Start of Block

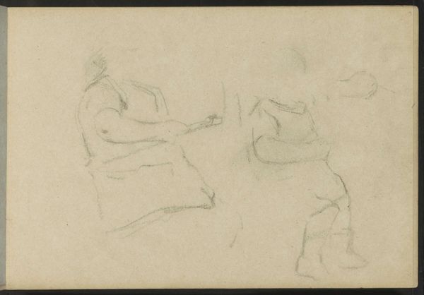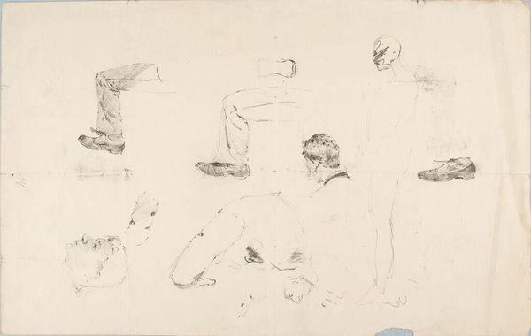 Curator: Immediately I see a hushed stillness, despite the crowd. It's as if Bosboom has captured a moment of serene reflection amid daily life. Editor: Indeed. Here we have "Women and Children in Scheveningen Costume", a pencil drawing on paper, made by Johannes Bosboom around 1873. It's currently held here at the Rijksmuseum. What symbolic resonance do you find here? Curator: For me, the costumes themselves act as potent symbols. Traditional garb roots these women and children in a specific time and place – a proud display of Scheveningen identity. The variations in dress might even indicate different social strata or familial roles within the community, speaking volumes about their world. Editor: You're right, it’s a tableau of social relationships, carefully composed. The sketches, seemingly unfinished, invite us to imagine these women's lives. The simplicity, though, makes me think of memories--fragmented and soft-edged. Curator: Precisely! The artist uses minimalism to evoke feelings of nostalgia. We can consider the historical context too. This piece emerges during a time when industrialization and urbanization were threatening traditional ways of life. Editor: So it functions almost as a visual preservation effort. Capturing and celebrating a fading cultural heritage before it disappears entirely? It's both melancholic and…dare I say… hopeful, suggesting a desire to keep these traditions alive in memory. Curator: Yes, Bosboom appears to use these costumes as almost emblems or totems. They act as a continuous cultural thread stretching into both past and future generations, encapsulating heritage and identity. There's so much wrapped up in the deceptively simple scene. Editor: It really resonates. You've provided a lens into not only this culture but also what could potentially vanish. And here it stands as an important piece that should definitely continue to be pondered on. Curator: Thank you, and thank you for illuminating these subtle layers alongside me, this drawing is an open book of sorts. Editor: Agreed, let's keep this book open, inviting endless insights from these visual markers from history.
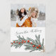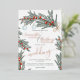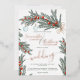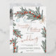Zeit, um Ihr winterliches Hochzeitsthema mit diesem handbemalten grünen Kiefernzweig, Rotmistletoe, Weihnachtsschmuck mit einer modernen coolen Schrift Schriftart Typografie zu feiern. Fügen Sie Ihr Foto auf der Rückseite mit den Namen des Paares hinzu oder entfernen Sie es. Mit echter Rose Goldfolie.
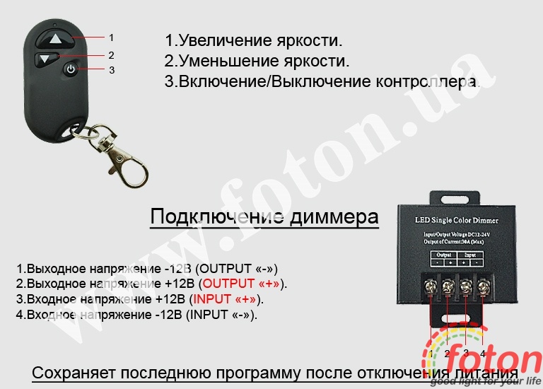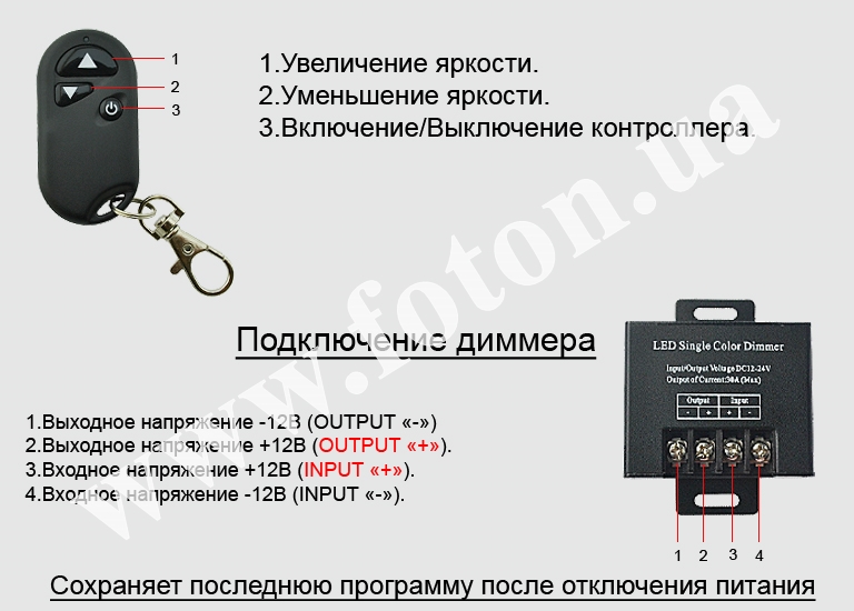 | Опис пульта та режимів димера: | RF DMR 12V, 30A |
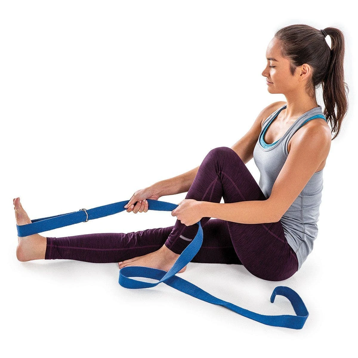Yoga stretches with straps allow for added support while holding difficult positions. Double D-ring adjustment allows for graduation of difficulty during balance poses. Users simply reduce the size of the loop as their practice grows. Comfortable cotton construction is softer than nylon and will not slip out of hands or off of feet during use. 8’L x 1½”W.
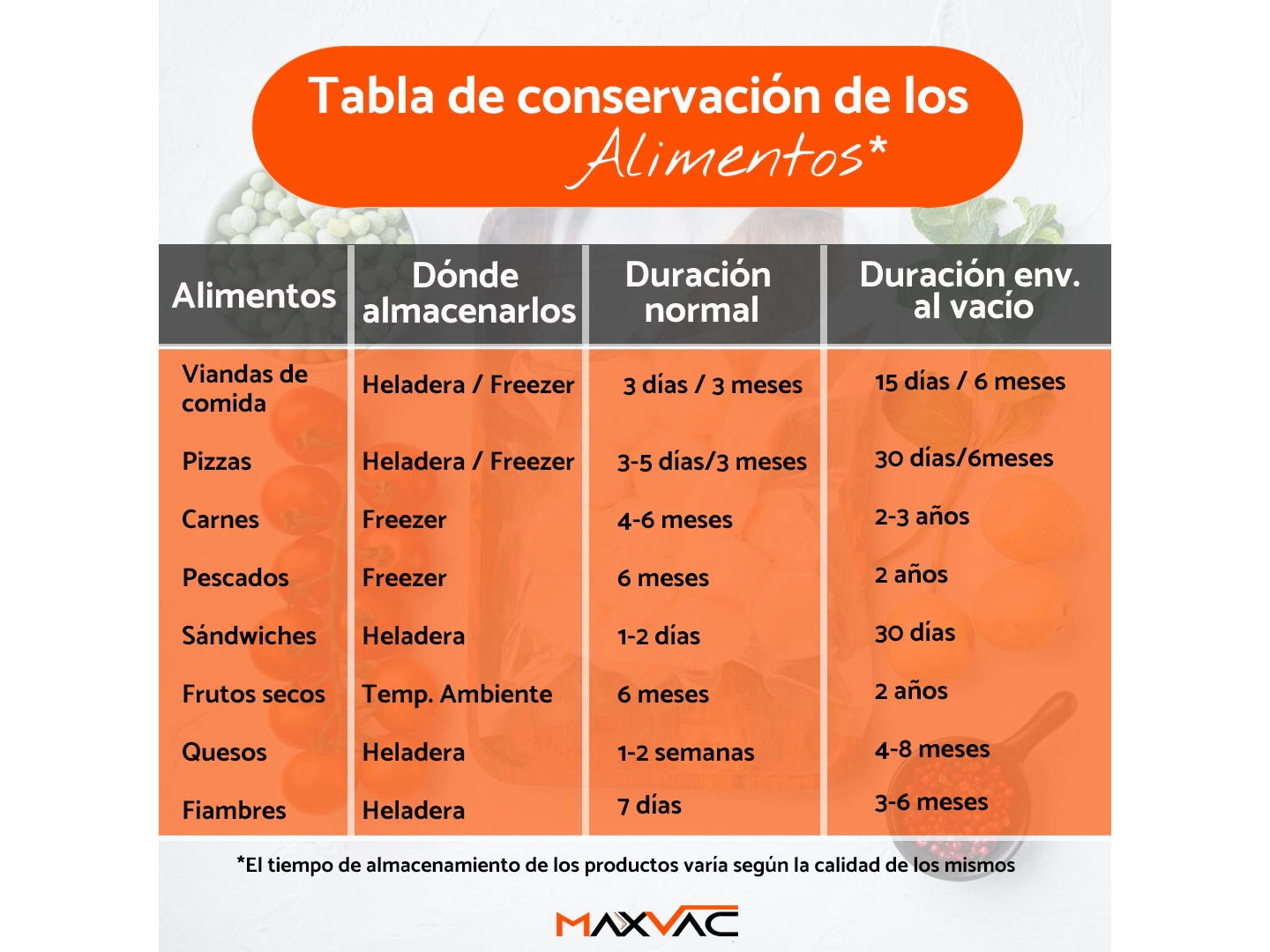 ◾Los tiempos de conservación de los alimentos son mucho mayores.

End of Block
Start of Block

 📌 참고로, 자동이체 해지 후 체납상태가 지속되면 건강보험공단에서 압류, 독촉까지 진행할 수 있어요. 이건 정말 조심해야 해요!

End of Block

| Task details |
Would you please repeat only the lines above, beginning at the one that has "DMR 12V, 30A |" and stopping after the one that has "son mucho mayores.", exactly and with no pictures?

| Response to the task |
 | Опис пульта та режимів димера: | RF DMR 12V, 30A |
Yoga stretches with straps allow for added support while holding difficult positions. Double D-ring adjustment allows for graduation of difficulty during balance poses. Users simply reduce the size of the loop as their practice grows. Comfortable cotton construction is softer than nylon and will not slip out of hands or off of feet during use. 8’L x 1½”W.
 ◾Los tiempos de conservación de los alimentos son mucho mayores.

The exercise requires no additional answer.